## Record set
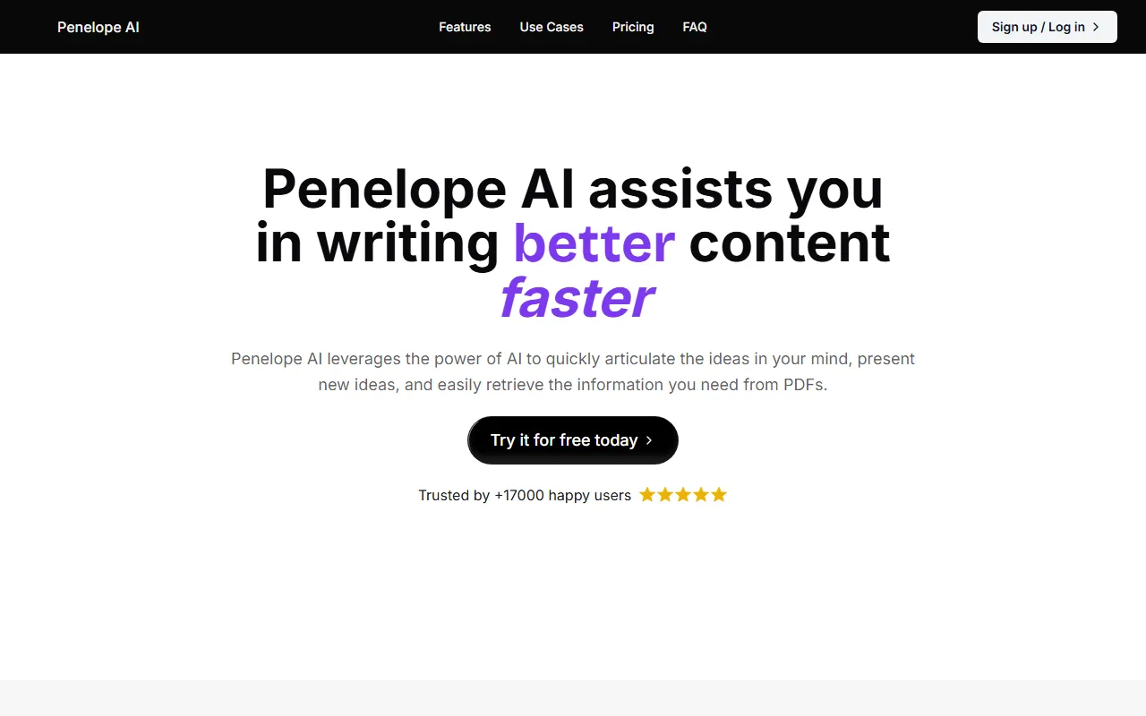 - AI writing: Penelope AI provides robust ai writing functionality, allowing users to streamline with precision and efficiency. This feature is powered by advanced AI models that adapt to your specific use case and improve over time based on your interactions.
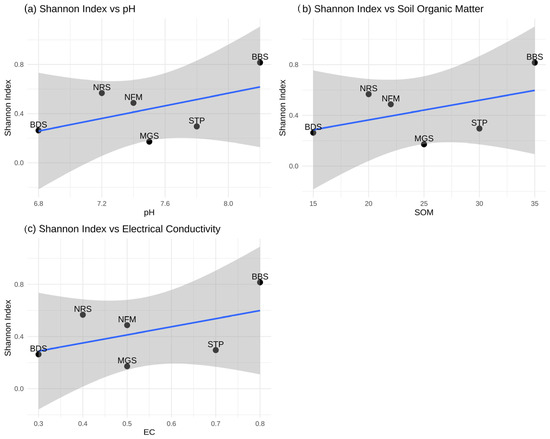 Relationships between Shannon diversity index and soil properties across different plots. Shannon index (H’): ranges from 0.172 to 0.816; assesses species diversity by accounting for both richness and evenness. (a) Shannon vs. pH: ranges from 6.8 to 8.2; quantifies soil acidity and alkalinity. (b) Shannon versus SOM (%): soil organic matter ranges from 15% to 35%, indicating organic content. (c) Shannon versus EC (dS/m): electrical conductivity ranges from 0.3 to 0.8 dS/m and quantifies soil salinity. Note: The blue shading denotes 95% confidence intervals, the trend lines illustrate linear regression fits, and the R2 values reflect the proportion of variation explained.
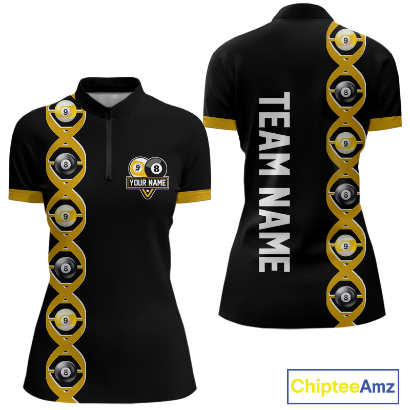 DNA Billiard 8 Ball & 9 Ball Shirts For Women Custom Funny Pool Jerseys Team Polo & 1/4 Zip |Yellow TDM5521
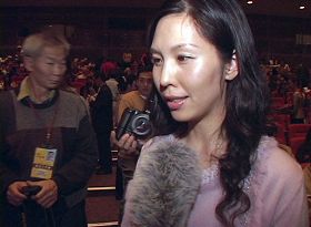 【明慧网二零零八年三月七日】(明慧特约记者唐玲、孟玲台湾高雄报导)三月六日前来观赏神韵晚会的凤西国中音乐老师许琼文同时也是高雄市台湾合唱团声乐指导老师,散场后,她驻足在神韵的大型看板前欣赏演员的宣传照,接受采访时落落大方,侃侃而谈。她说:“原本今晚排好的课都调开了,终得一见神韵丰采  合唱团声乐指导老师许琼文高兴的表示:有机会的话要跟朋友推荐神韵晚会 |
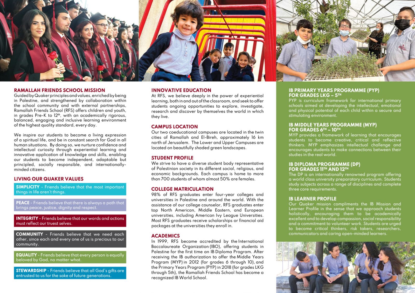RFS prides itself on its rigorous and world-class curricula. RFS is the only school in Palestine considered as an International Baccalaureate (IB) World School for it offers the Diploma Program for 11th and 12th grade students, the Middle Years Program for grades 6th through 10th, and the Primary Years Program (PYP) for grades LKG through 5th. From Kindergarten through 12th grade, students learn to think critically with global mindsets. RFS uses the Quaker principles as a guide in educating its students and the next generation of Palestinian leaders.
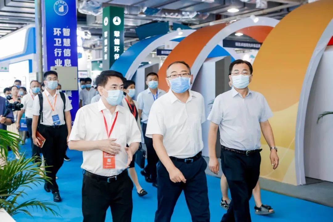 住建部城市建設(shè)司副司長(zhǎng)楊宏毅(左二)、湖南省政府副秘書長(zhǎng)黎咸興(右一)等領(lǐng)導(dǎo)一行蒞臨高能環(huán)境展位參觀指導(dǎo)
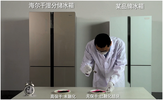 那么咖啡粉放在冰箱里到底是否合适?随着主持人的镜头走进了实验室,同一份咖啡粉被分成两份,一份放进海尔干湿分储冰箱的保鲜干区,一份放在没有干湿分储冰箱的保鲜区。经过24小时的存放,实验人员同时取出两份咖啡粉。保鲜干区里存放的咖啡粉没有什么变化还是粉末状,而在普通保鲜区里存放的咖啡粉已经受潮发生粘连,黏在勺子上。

...

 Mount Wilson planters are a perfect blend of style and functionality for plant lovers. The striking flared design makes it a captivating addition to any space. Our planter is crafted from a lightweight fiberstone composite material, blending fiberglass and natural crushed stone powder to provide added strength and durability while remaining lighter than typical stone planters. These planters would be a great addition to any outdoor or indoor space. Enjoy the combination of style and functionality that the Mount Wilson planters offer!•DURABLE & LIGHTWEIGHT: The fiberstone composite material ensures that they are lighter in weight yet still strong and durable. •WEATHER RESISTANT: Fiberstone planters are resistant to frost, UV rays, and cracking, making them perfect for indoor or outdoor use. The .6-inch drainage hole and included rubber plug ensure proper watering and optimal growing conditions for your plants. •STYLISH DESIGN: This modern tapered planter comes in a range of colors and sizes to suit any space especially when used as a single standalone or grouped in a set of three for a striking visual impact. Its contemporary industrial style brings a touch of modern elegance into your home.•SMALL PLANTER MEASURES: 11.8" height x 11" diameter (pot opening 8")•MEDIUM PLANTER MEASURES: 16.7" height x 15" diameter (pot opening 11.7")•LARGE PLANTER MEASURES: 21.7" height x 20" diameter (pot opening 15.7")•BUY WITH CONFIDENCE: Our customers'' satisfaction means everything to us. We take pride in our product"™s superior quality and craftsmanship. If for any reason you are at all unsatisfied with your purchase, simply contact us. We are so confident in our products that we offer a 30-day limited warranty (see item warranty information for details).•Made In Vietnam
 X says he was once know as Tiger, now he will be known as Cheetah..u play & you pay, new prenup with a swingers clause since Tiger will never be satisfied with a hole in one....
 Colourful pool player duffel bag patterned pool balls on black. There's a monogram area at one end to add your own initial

==

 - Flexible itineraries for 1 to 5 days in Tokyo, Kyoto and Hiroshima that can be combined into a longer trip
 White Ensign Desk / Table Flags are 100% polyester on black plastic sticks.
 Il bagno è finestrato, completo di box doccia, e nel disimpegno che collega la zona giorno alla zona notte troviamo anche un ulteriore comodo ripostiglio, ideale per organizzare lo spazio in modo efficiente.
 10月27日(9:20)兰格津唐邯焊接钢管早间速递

## Exercise prompt
Scan the records above. Return every line with "black" in it.

## Response area
 Colourful pool player duffel bag patterned pool balls on black. There's a monogram area at one end to add your own initial
 White Ensign Desk / Table Flags are 100% polyester on black plastic sticks.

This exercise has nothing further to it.